Polikandy is a town located in Jaffna District, Northern Province, Sri Lanka, governed by an Urban Council. Cities, towns. Places near Polikandy include Point Pedro (which is an extreme point of Sri Lanka), Valvettithurai, Karanavai and Karanavai North. Polikandy has three divisions: Polikandy East, Polikandy West and Polikandy South.

This legendary town is well known for being the birthplace of Thillaiyambalam Sivanesan Soosai, the Chief Commander of the Sea Tigers of the Liberation Tigers of Tamil Eelam or the Sea Tigers, a Tamil nationalist militant group that waged a war for independence in the North and East of Sri Lanka. This town is also the place of birth of the leaders of the Liberation Tigers of Tamil Eelam, Lieutenant Colonel David, Castro (Manivannan) and Kadaapi (Athavan). Polikandy was the first town to introduce the Sea Tigers.

This town of the Northern Province has seen many battles between the Sri Lankan Army vs. LTTE during the early 1990 till 2005, especially during the 1990s for a short period of time under the control of LTTE however under government control since 2005 where the Sri Lankan Army recaptured it from the LTTE.
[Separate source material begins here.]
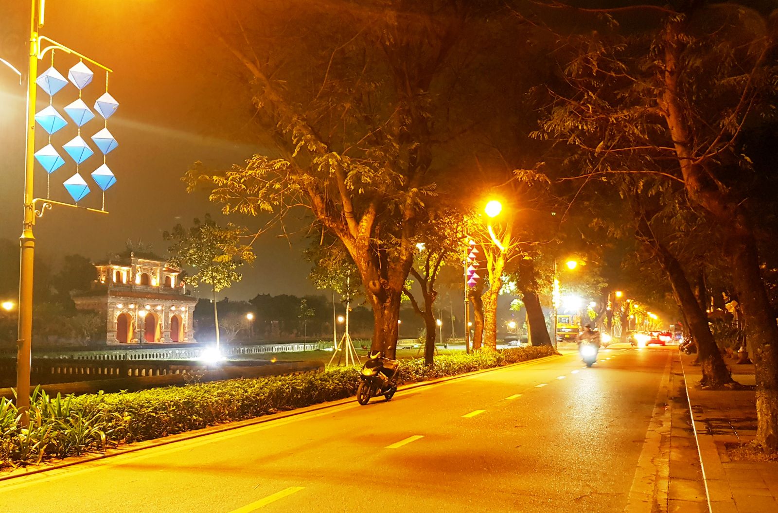 Trang trí đèn lồng, hệ thống chiếu sáng phục vụ phố đêm trên đường Lê Huân đã hoàn tất. Ảnh: A.T

Polikandy has various temples for gods of the Hindu pantheon, especially the one for the Murugan/ Kanthavanam temple, Sri Pathira Kaali Amman temple, Ilupai Mulai Pillayaar Temple, and Polikandy west Kulathady Vairavar/Bhairava temple. These are the four largest compared to the smaller temples in the vicinity. Most of the temples have a rich history of at least a century.

During the civil war, between 1990 and 1995, people from the Valikamam North area — including Palaly, Kankesanthurai, Myliddy, Tellippalai and Keerimalai have internally displaced to the shores of Polikandy whose livelihood was fishing.

Schools include the Polikandy Hindu Tamil Mixed School and American Mission Tamil Mixed School.

Primary industry is agriculture / farming and fishing.